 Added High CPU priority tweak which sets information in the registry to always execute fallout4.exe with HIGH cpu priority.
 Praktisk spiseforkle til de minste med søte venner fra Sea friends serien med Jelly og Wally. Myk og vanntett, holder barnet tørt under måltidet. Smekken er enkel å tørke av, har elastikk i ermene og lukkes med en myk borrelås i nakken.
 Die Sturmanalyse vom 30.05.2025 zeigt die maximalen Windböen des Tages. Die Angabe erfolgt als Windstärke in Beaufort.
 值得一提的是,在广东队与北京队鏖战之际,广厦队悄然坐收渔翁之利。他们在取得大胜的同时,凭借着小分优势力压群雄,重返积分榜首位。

--

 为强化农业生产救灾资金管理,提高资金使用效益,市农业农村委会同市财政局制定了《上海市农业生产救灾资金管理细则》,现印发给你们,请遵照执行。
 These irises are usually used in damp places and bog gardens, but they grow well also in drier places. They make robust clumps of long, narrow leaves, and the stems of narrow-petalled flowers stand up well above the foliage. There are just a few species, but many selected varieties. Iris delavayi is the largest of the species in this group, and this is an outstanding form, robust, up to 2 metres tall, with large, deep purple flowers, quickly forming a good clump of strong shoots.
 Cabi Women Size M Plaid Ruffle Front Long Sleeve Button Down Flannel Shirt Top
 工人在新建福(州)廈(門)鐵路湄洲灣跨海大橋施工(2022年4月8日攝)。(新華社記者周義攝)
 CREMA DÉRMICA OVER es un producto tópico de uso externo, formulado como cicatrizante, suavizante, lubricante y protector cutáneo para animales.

> [Work request] All lines in the listing above between the line with "为强化农业生产救灾资金管理,提高资金使用" and the line with "CREMA DÉRMICA OVER", inclusive, should be set down exactly, and no line outside that range.

> [Exercise output]
 为强化农业生产救灾资金管理,提高资金使用效益,市农业农村委会同市财政局制定了《上海市农业生产救灾资金管理细则》,现印发给你们,请遵照执行。
 These irises are usually used in damp places and bog gardens, but they grow well also in drier places. They make robust clumps of long, narrow leaves, and the stems of narrow-petalled flowers stand up well above the foliage. There are just a few species, but many selected varieties. Iris delavayi is the largest of the species in this group, and this is an outstanding form, robust, up to 2 metres tall, with large, deep purple flowers, quickly forming a good clump of strong shoots.
 Cabi Women Size M Plaid Ruffle Front Long Sleeve Button Down Flannel Shirt Top
 工人在新建福(州)廈(門)鐵路湄洲灣跨海大橋施工(2022年4月8日攝)。(新華社記者周義攝)
 CREMA DÉRMICA OVER es un producto tópico de uso externo, formulado como cicatrizante, suavizante, lubricante y protector cutáneo para animales.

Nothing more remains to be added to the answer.